Financial用語

銀行の窓口販売、金融商品仲介業【金融用語 金融機関編】

Financial用語
銀行の窓口販売
概要
銀行の窓口で、主に個人向けとして債券、投資信託、保険など従来は取り扱えなかった金融商品を販売すること。
解説
従来、銀行の収益源は、固有業務と付随業務が中心で、預金と融資の利ザヤや為替交換手数料などでした。経済構造の変化や金融ビッグバンを背景に銀行融資や預金の低迷が懸念されると、金融庁は銀行救済策として、証券分野や保険分野への参入を認めるようになりました。証券分野では、1997年、銀行店舗の一部を証券会社に貸して証券業務を展開、翌1998年には投資信託の銀行本体での窓口販売が解禁されました。保険商品は、2001年に長期火災保険や海外旅行の傷害保険などの銀行窓口での販売が解禁されました。翌2002年には個人年金保険などが、そして2007年には募集代理店という位置付けで保険商品が全面解禁されました。銀行は顧客と保険会社が結ぶ保険契約の媒介をするだけです。窓口販売の手数料は、今や銀行の貴重な収益源となっています。
Financial用語
金融商品仲介業
概要
金融商品取引法に基づいて、証券会社等の委託を受けて有価証券の売買などの証券取引の媒介を業務として行うこと。
解説
金融商品仲介業は、内閣総理大臣の登録を受けた者が証券会社等と顧客の取引を仲介(媒介)する業務です。

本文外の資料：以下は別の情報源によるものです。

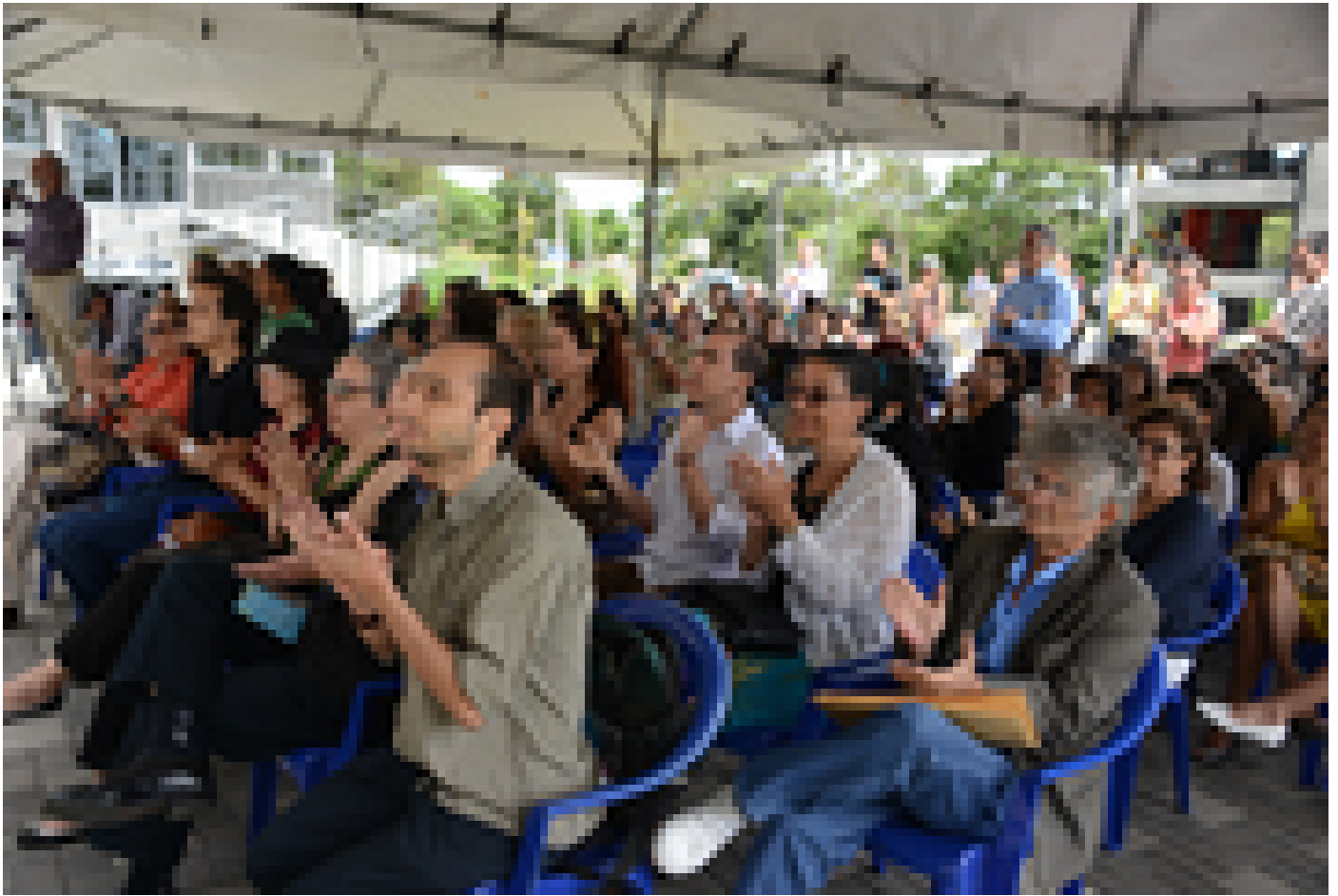
Autoridades universitarias, estudiantes, familiares y amigos del artista aplaudieron durante la develación de la obra "Yo protesto".

有価証券売買のコンサルティングなどを行い、取引契約を証券会社等に取り次ぎます。金融商品の仲介は、銀行の窓口販売とは異なります。銀行などの金融商品仲介業者は、証券会社等の委託を受けて顧客と証券会社の取引を仲介します。対象になるのは、株式や社債、外国債券などの有価証券の売買の媒介、有価証券の募集や売出などです。銀行は、1975年の国債大量発行をきっかけに、1983年に国債の募集で証券業務に参入、公社債中心に証券業務を拡大しました。金融の規制緩和が加速、2004年の証券取引法改正で銀行の証券仲介業が認められ、現行の金融商品取引法では金融商品仲介業に改称されました。